Ernsthafte Folgen dürften sich daraus nicht ergeben, weil Sicherheit. Wenn sich irgendetwas aus der Enthüllung des radikalsten Spähmonsters der Geschichte lernen lässt, ist es, dass Überwachungsapparate selbstverstärkende Systeme sind, die bis tief in die Verfassungsfeindlichkeit vor sich hin eskalieren. Deshalb wirken Selbstevaluationen so, als würde man einen Wunderheiler bitten, die Wirksamkeit seiner Bachblüten zu bewerten.

Die resultierende Forderung ist so simpel, wie sie selbstverständlich sein sollte: ständige, unabhängige Prüfung und Bewertung der Instrumente.

Sinn und Unsinn von Medikamenten werden so bestimmt, jede ernsthafte Wissenschaft basiert darauf, nur der Sicherheitsapparat darf mit seinem von Steuergeldern finanzierten Instrumentarium auf bloße Behauptung gestützt durch die Gegend spähen. Dabei gibt es eine ganze Reihe sehr gut funktionierender Ermittlungsinstrumente, die mit jedem Einsatz einer sicherheitsesoterischen Maßnahme geschwächt werden.

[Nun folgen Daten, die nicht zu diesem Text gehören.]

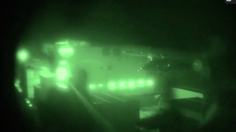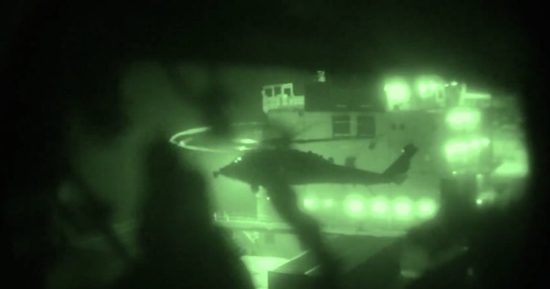 Gece görüş kamerasıyla kaydedilen görüntülerde, ABD Deniz Piyadeleri’nin gemiye inişi ve güverte üzerindeki hareketliliği yer aldı.

Weil dort weniger Geld, Zeit und Personal verwendet stehen.

Das Wort „Esoterik“ bedeutet ursprünglich „eine philosophische Lehre, die nur für einen begrenzten, inneren Personenkreis zugänglich ist“. Im Gegensatz zur Exoterik, die sich auf öffentlich zugängliches Wissen bezieht. Volltreffer: Geheimnistuerei als Schutz vor Überprüfung, Sicherheitsesoterik ist der Anfang aller Bürgerüberwachung.

tl;dr

Wider die Sicherheitsesoterik. Für die Überprüfung von Überwachungsmaßnahmen von unabhängiger Seite.